Good news! Microbes don’t descend down with plastic particles into the deep sea

“The natural microbial community in deep waters is different from that at the ocean surface – almost two different worlds in a liquid space. Also, the amount of microbes per litre of ocean water in the deep sea is orders of magnitude lower than that at the surface,” says Annika Vaksmaa. “A thick rain of “alien” microbes drizzling from above with plastic shuttles could thus disturb the deep sea community.”

Elevator

In the subtropical gyres, the concentration of floating plastic debris items is very high. Consequently, the amount of microbes on floating plastic particles is also very high in these regions. The gyres thus offer an excellent natural laboratory to investigate if sinking plastic particles are an elevator for microbes. Matthias Egger: “We wanted to test if plastic particles, once they are sinking down from the sea surface, also transport microbes vertically downwards towards the ocean’s interior.”

Matthias and Anika sampled plastic in the North Pacific subtropical gyre (also referred to as the Great Pacific Garbage Patch due to the high loads of plastic floating in these offshore waters). They did this by trawling the surface and deeper water layers with a fine meshed net. They analysing the collected particles by extracting DNA from the biofilms which covers the tiny plastic particles. After sequencing the DNA they could identify which microbial communities live on each plastic particle.

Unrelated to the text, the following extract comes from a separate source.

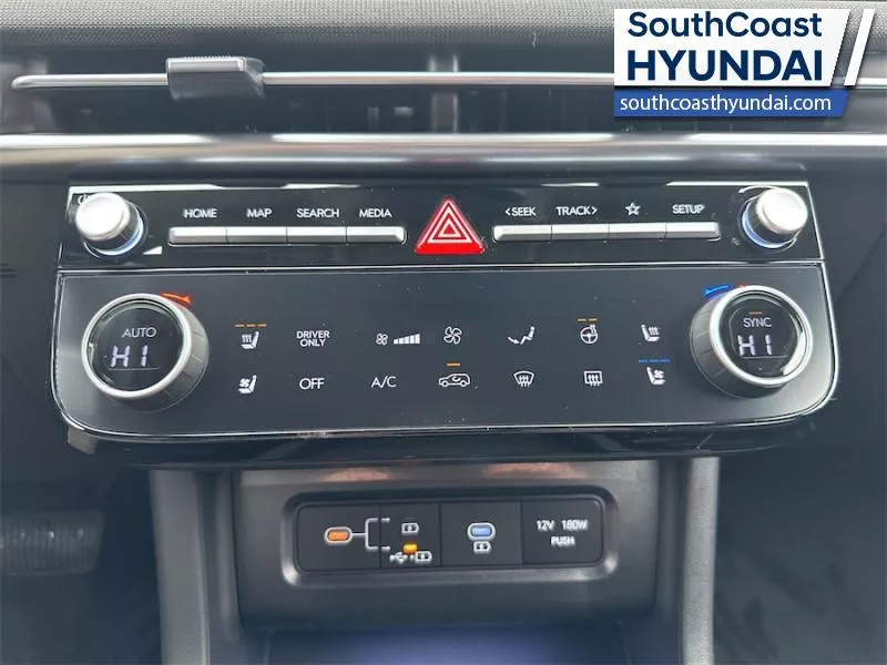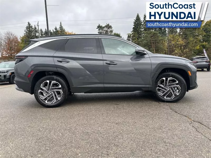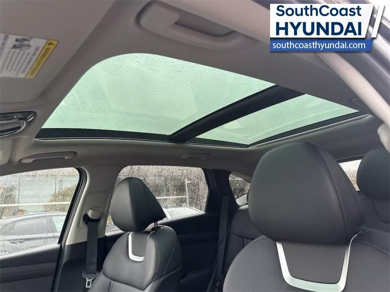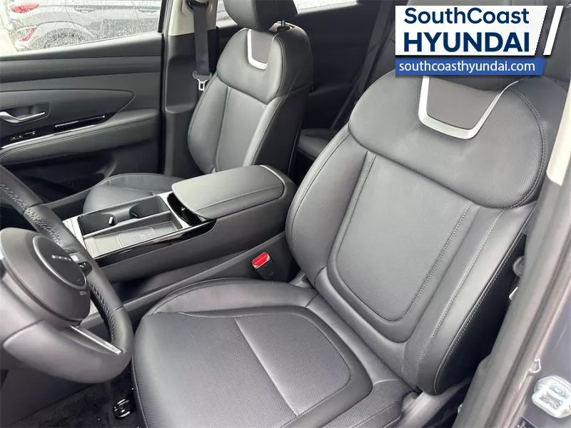 Our Tucson Hybrid's trim level is Ultimate. The cabin emphasizes comfort and technology with heated and ventilated front bucket seats, leather trim, a heated steering wheel, dual-zone automatic climate control, a head-up display, integrated navigation, wireless phone connectivity, and a premium 8-speaker Bose audio system. A panoramic glass sunroof with a power sunshade is incorporated early into the interior experience and complements the spacious seating configuration, smart key access, adaptive cruise control, memory settings, and extensive storage solutions. Safety is comprehensive with blind-spot warning, rear cross-traffic avoidance, forward collision-avoidance assist, lane keeping assist, multiple airbags including rear side-impact protection, a tire-pressure monitoring system, and advanced parking sensors integrated into a full surround-view monitoring suite. This vehicle has been upgraded with the following features: Leather Seats.

“Indeed, we found that plastic functions as an elevator in the water column. But the passengers (the microbes), enter and depart the elevator rather quickly,” says Vaksmaa. “DNA sequencing showed that the microbial communities on floating plastic particles are different from those in deeper water layers.” The researchers concluded that, while sinking, the microbes apparently detach from the plastic and other microbes, from the surrounding water, attach to the free spaces on the plastic. Vaksmaa: “I was surprised how clear the results were that the reach of the ‘vertical plastic shuttle’ already stops at a few meters below the surface.”

Plastic Soup

In addition, the researchers found that a substantial part of the microbes on plastic surfaces were so-called hydrocarbon degraders. As the name implies, these bacteria are known to break down hydrocarbons such as oil and possibly plastics too. “This is not the first time that we find hydrocarbon degraders on plastics,” says Vaksmaa. “Also in my previous study on plastic colonizers in the Mediterranean Sea, I found a lot of these organisms. This raises the question if these hydrocarbon degraders in fact do eat or degrade plastic in the ocean.”

This study does not offer a solution for the global plastic pollution and the changes it has on the  biodiversity in the ocean. This study has been a collaborative project. Vaksmaa: "I am very glad to work with Matthias from The Ocean Cleanup, as such large expeditions to remote locations need facilities and great collaborators. Only together such expeditions can be carried out. I know Matthias since we did our PhDs at different universities. It is important to realize that in science-it is not one woman’s/man’s business, but a team effort.”

What’s next?

This study is part of a larger ERC funded project led by Helge Niemann at NIOZ that aims to unravel which types of microbes life on plastic and in how far ocean plastic serves as a  food source for microbes. ‘We investigate the fate of plastic in the sea and the ocean’s self-cleaning power. I.e. we want to know if and how fast marine microbes can eventually break down plastic debris" says Niemann.

Vaksmaa: “We aim to answer remaining open questions during similar oceanic expeditions, next time in the North Atlantic. Currently we can't rule out if certain single organisms do remain on the shuttle and enter deep ocean as quasi aliens. There they invade the native communities living in deeper water layers. We will attempt to check this in future expeditions.”